As you know, I am the Jesse Climenko Professor of Law and Executive Director of the Charles Hamilton Houston Institute for Race and Justice at Harvard Law School. I have written books and articles on a wide range of topics involving matters of race and justice, and hosted programs, moderated forums, and participated in dialogues on issues of citizenship, democracy, and equality as well as testified before both Houses of Congress. My full biographical information is attached and I will not use the committee's valuable time to review it now. In questions related to citizenship, democracy, and equality, there is no matter more compelling or more urgent than the District of Columbia Voting Rights Act of 2007. This is a measure rooted in the principle of promoting equality among citizens.
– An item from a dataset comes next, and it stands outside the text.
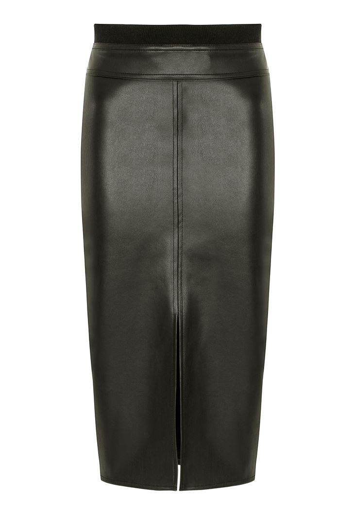 Black Mid Rise Faux Leather Skirt

Before joining the faculty at Harvard Law School in 1985, I spent eight wonderful years here in the District of Columbia. I served as Staff Attorney, Chief of the Training Division, Chief of the Trial Division, and Deputy Director of the District for the Public Defender Service. In that capacity, I had many opportunities to assess the value of citizenship and the importance of equality of opportunity for all of our citizens. It was amazing to me to realize that America's greatest city, the District of Columbia, was treated as a second-class place of citizenship. While there are debatable arguments about what defines a state, it is without debate that the District of Columbia is home to more than 600,000 citizens who pay taxes, who work and live here, and who send their children to public and private schools.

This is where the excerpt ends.